L’Organisation internationale pour les migrations (OIM) a rendu public son rapport 2019, intitulé « Nouvelles dynamiques migratoires au Sénégal  ». Le document qui a ciblé les régions de Saint-Louis, Thiès et Ziguinchor révèle que « 48% des migrants retournés envisagent de quitter de nouveau le Sénégal » et « la majorité d’entre eux préférerait utiliser la voie régulière ».

« Les données qualitatives récoltées ont montré que la migration irrégulière n’a pas permis dans le long-terme d’améliorer la situation économique des individus, des familles et ou des communautés. Les départs continus depuis ces régions participent en fait à en fragiliser l’équilibre, et se traduit par le manque d’une main d’œuvre jeune et dynamique ne permettant pas de stabiliser les secteurs clés des économies régionales », lit-on dans le rapport.

Malgré des impacts mitigés de la migration irrégulière et les traumatismes liés aux difficultés rencontrées pendant le voyage, « 48% des migrants retournés envisagent de quitter de nouveau le Sénégal » et « la majorité d’entre eux préférerait utiliser la voie régulière ».

En ce qui concerne les raisons dues à l’émigration clandestine dans les trois zones, elles  sont principalement liées à la « situation économique, plus spécifiquement à la dégradation de l’environnement (rareté des pêches, déforestation), la faiblesse des moyens de production, l’absence d’infrastructures de stockage, de transformation et de transport, ainsi que la commercialisation limitée des produits halieutiques et agricoles ».

Mais également, le manque d’opportunités économiques qui se confirme tant au niveau individuel qu’à celui du ménage. Au-delà de ces facteurs, « la pression sociale et le rôle central joué par les réseaux d’amis et de proches véhiculant une image positive de la migration poussent les jeunes à la migration irrégulière ».

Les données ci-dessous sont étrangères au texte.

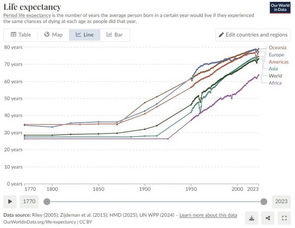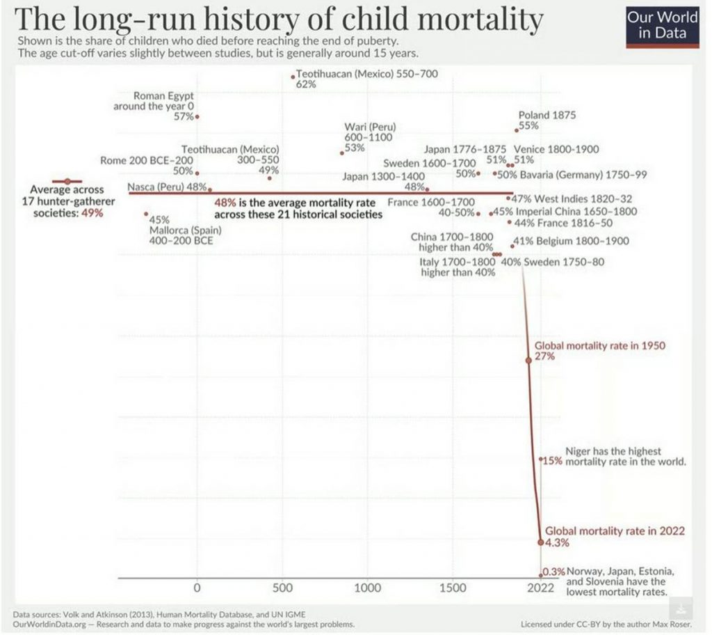 B. Infant mortality has declined very fast and longevity has risen very fast. Again, there’s nothing you can do about either of those things and, I hope, nothing you would want to.

Pour y remédier, l’OIM a formulé plusieurs recommandations. L’Organisation demande d’établir des structures de soutien psychosocial pour les retournés traumatisés par le voyage et leur expérience comme «migrant échoué».

D’améliorer la compréhension de la migration maritime irrégulière et de la migration de retour auprès des agences gouvernementales et en mettant en place de réseaux de migrants de retour, d’améliorer la connaissance des populations sur les modalités de migrations régulières.

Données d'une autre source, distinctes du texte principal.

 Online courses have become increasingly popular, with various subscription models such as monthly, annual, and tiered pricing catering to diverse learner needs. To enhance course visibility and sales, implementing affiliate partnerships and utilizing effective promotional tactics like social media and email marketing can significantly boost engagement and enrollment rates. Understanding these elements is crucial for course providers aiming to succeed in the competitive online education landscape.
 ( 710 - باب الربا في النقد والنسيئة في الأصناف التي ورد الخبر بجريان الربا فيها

L’Oim invite le gouvernement, les partenaires nationaux ainsi que les organisations de développement à « offrir des opportunités économiques de long-terme dans les zones de départ ». De soutenir l’adaptation et l’innovation dans le secteur de l’agriculture et les autres secteurs économiques conformément aux besoins des jeunes, afin de rendre les régions côtières plus attractives et enfin de financer les projets de développement dans le domaine de l’agriculture et de la pêche liés au contexte local et faciliter l’accès à la terre et aux moyens de production.